My Smith helmet has SC audio in it, and I have no issues with it. It works fine for me. It's just loud enough to not be a hassle, and not so quiet that I can't ever hear it. That being said, I hardly ever use the damn things. Turns out I like talking to people.


----------



## smokebelch109 (Nov 6, 2012)

Just any old over ears Jeffrey? 

Seen some suggestions that these are good Koss

just wish it had inline controls, or should i quit fussing and just buy the smith ones?

Cheers


----------



## snowklinger (Aug 30, 2011)

Imho those audio drop ins are hit and miss. I went through like 6pairs of the RED brand ones, they were all complete shit. And I mean I used them and instantly returned them cuz they sounded horrible and scratchy and all fucked up, in and out of stereo, etc. Then I got a pair of the SC's for giro helms and they have performed great. Recently I got another pair of the SC's and they are in another helmet, and I've noticed that they are performing more like the original REDs I had. Oh well I snagged them at a bin sale.

GL


----------



## Slush Puppie (Aug 15, 2011)

I initially tried the RED Phones solution and it was 'ok' but not brilliant. And the ear pads were less comfy because they were full of plastic instead of padding.

Pretty quickly gave up and switched to earbuds which are waaay better sound (Shure SE535 ). They sit ready flush with the ear so they're comfy all day even under a helmet. But I don't like that they block ambient sound so efficiently. 

So still looking for the idea solution. Be a lot easier with just a beanie!


----------



## NWBoarder (Jan 10, 2010)

Funny thing, I have a beanie now that has little ear speakers built into it. I have no idea what brand they are, but the thing ROCKS! It's a colab between Voltfuse and Bula. I won it from a FB contest, and it came with a note insuring me that it's one of a kind. Personally, I think it shouldn't be. It's too freaking awesome to make just one, but hey, I can't complain cause I own it.
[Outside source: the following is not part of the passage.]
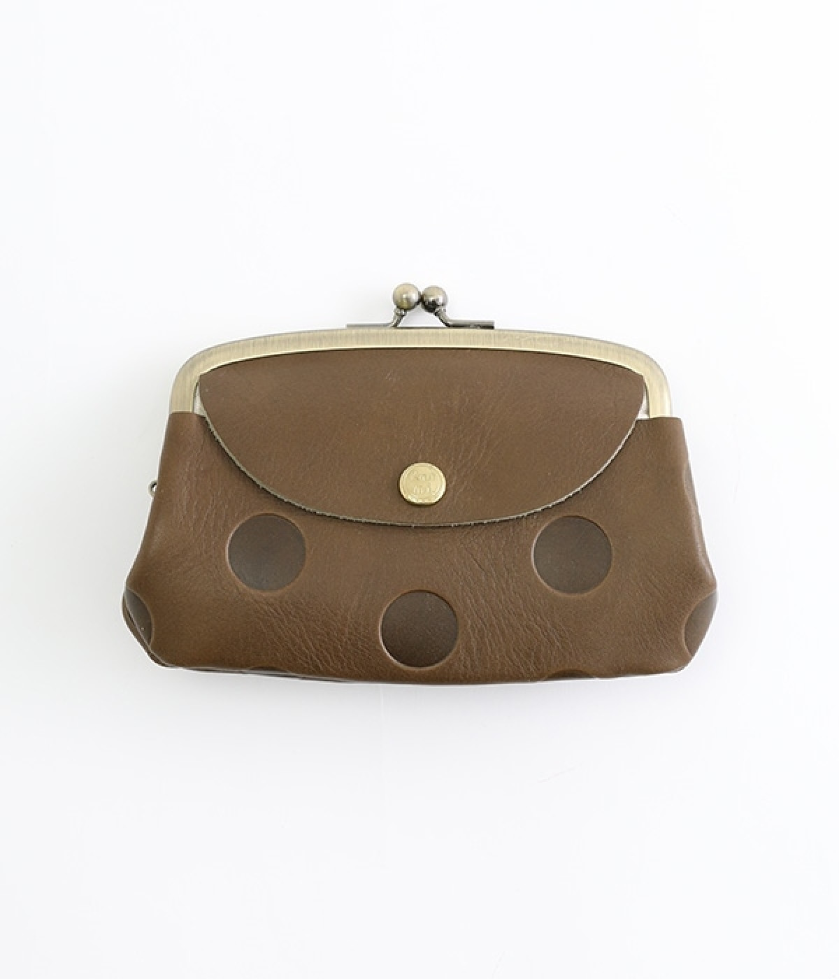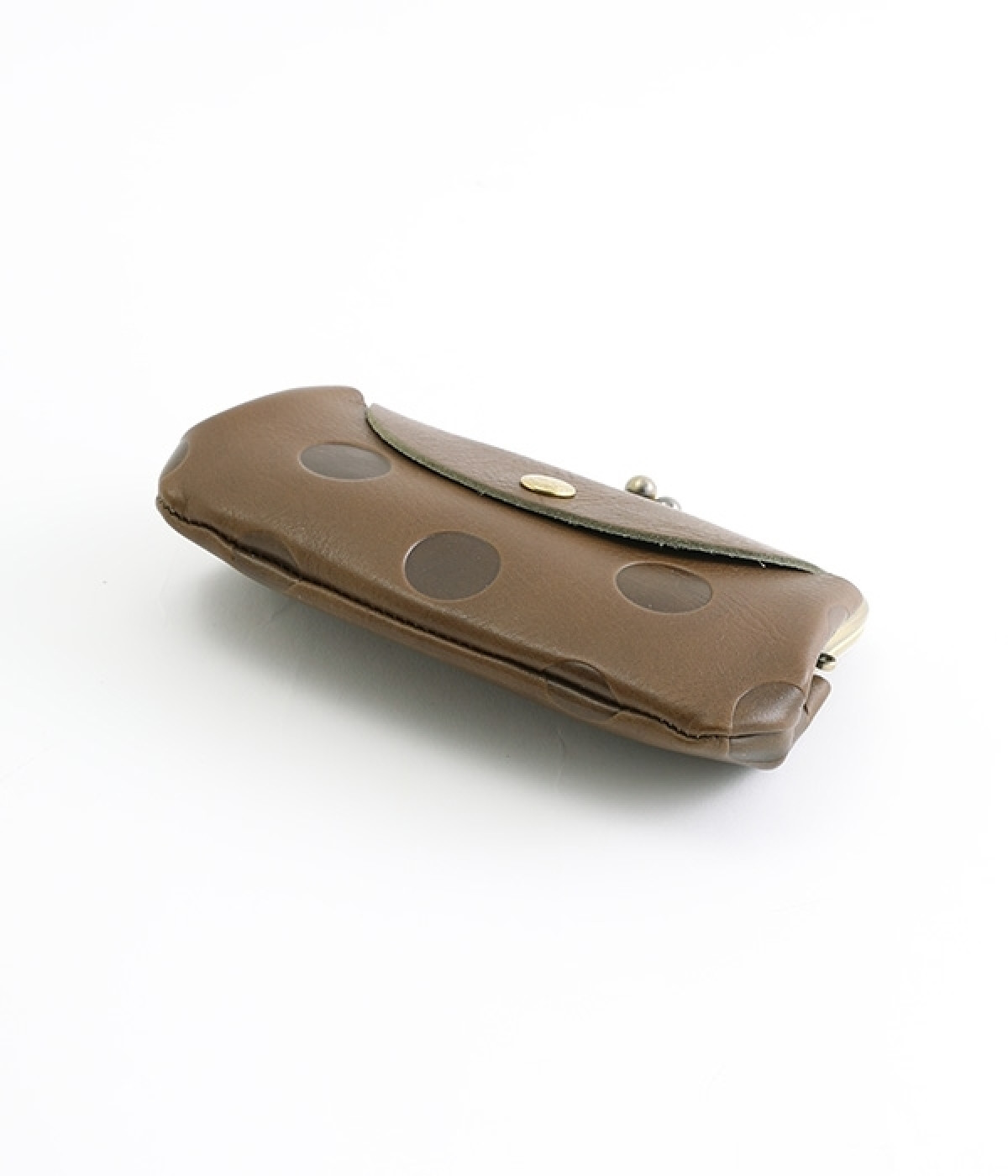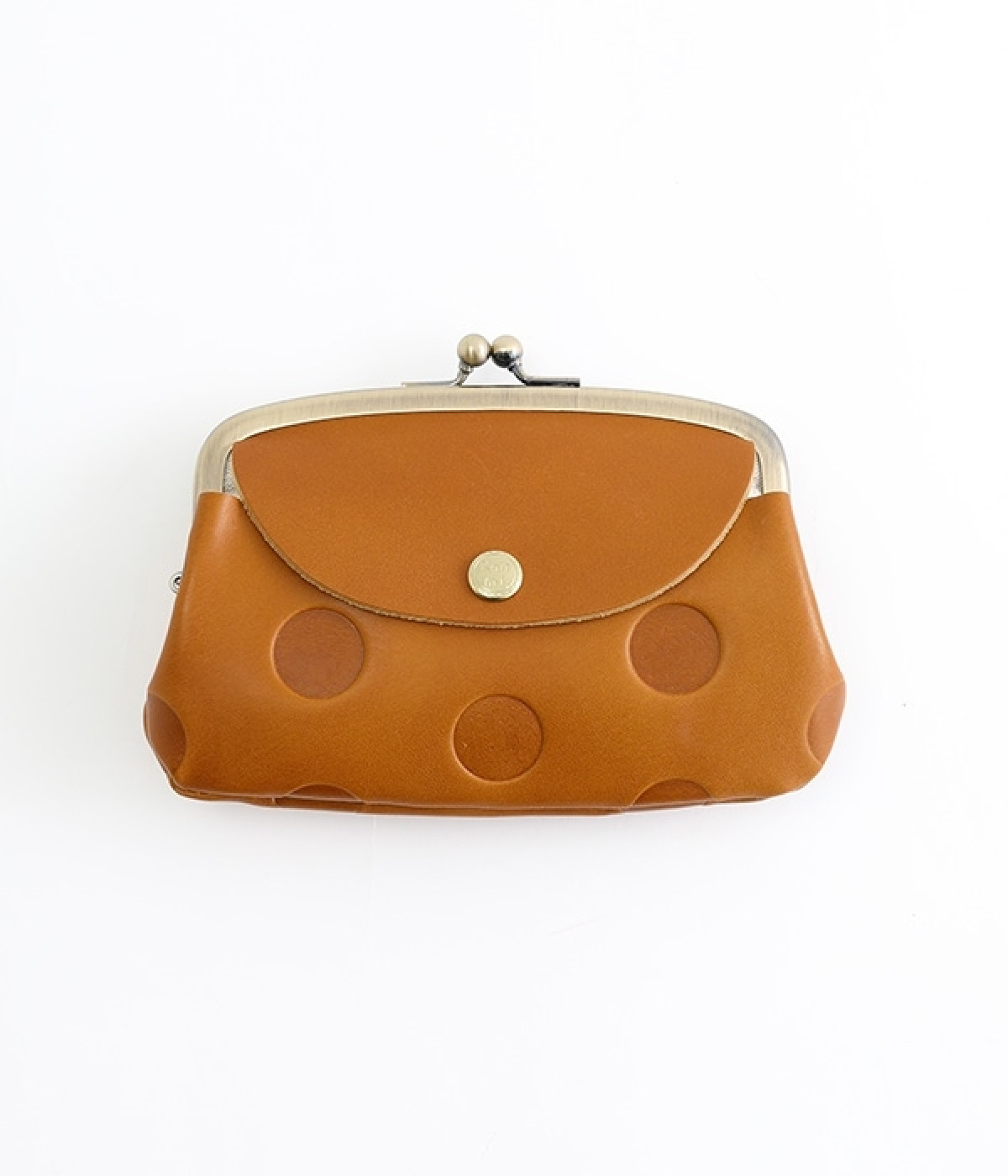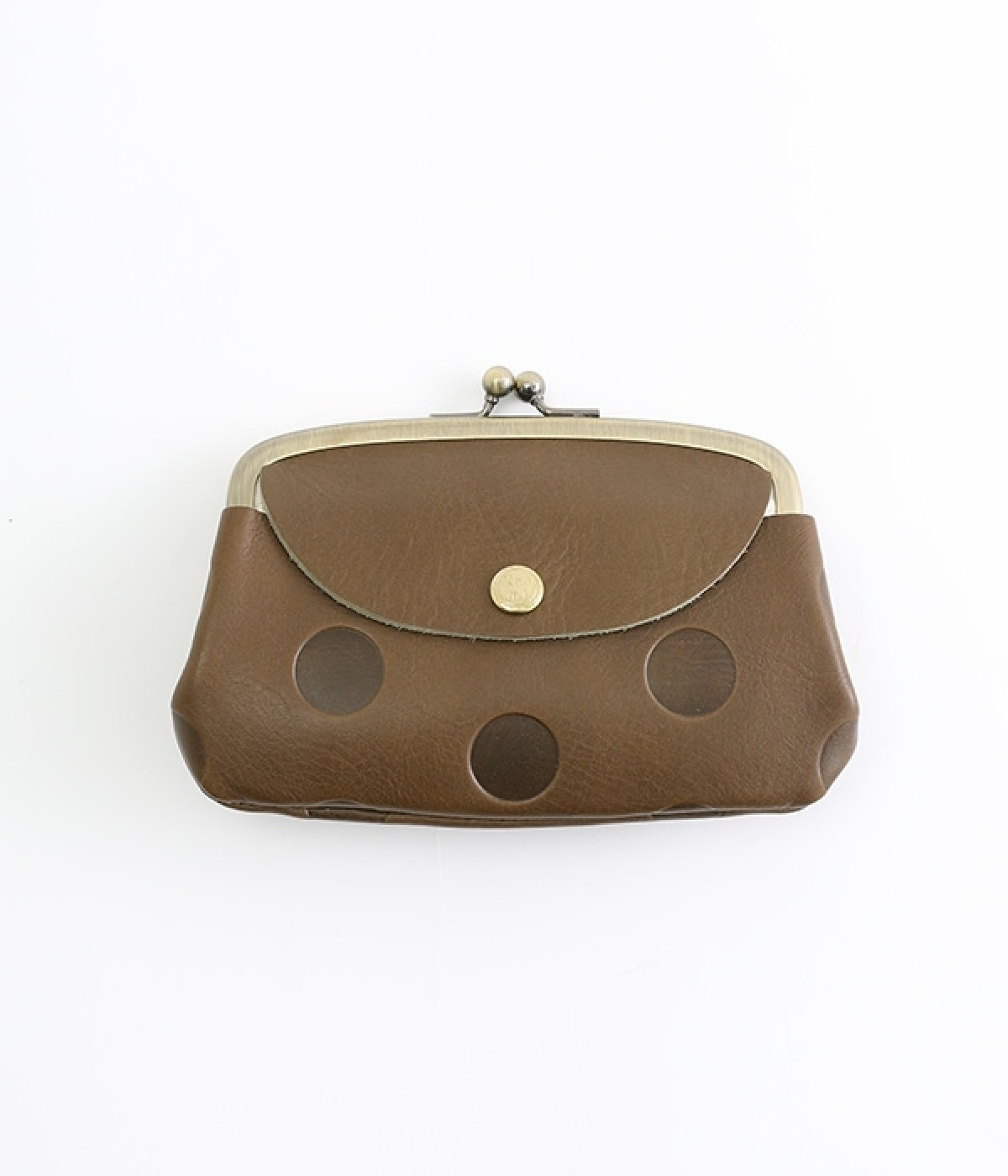 ほどよい艶感のある革を使用した小さめのがま口財布です。使い込むほどに味わいの出る素材なので、ドットの模様も時間と共に深みが増していきます。表裏にルーフ外ポケットもあり、カードなどが入れられます。中も親子タイプになっているので、収納力もばっちりです。

LoL!


----------



## hikeswithdogs (Sep 23, 2011)

The skull candy drop ins are more like speakers and less like headphones really

I hate headphones while riding, not comfy, can't hear, inconvenient. drop ins also have a mic for mobile phone and you can get inline mute/FF/skip for music.

If they last me 2 seasons its worth the 20-50$ for me but long term wouldn't mind a higher quality speaker solution

Im sure u could buy some micro speakers off the net and do it better cheaper than skull candy


----------



## JeffreyCH (Nov 21, 2009)

smokebelch109 said:


> Just any old over ears Jeffrey?
> 
> Seen some suggestions that these are good Koss
> 
> ...


They aren't the really big over the ear headphones, more of a mid size....


----------



## smokebelch109 (Nov 6, 2012)

And they work a treat? good to know!

I've just been looking at the K2 Rival Pro (level 3 audio) and K2 Rant Pro (level 1 audio?) helmets with built in Audio.
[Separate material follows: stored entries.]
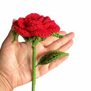 Handmade Crochet Flower Rose Red medium Size 10 Inches New
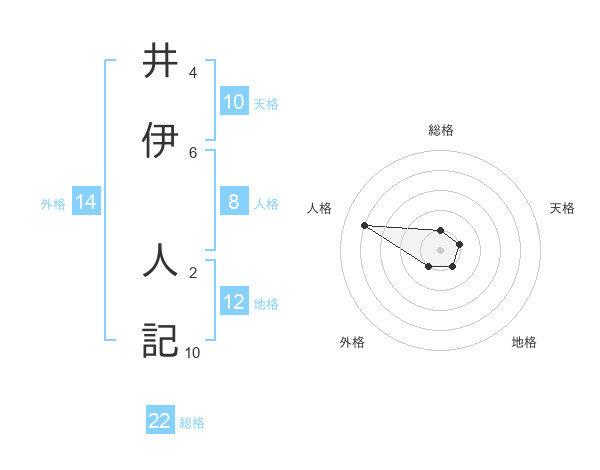 井伊 人記さんの総格は22画の1点!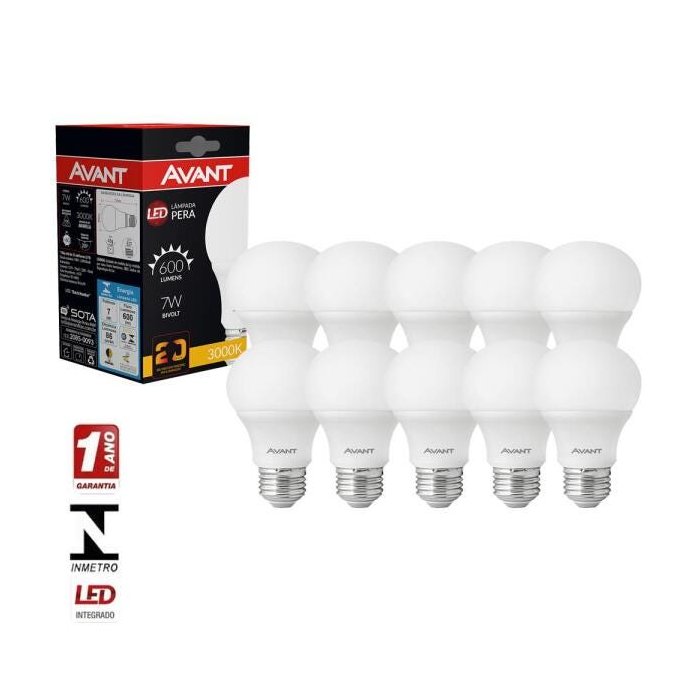Com certificação do INMETRO e com selo PROCEL as Lâmpadas Avant são uma ótima escolha para a iluminação da sua casa ou loja. As Lâmpadas modelo Pera da Avant são Bivolt e contam com uma abertura de até 200º. Aumente a vida útil da sua iluminação, uma lâmpada com tecnologia LED dura até 4 vezes mais que as tradicionais.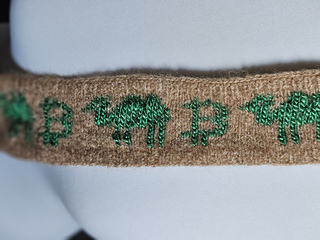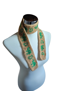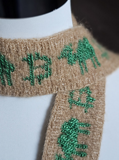 A small long scarf with rib pattern and stranded colorwork.

I tried the Rival Pro on and the sound is actually very good, goes decently loud and the cost is very similar to what it would cost to do a conversion job, anyone can vouch for it?

Either that or i'll get the K2 Rival without the Audio and build in my own with some KossKSC 75's maybe


----------



## Edge (Sep 30, 2012)

You could try Kicker HP201s. I don't know how comfortable it would be for you though, I generally just wear them over my beanie. 

HP201 Headphones | KICKER


----------



## sleev-les (Feb 26, 2010)

I just picked up the Salomon Brigade Audio helmet. Check that out. Haven't been out with it yet, but just plugging in an ipod and listening real quick, it sounds pretty good.


----------



## smokebelch109 (Nov 6, 2012)

Well i bought the K2 Rival pro in L/XL, audio wasnt the loudest but im not exactly after having my ears blown off! was loud enough that i had to stop the music to hear people talking loudly at me in the shop, probably going to suffice on the mountain!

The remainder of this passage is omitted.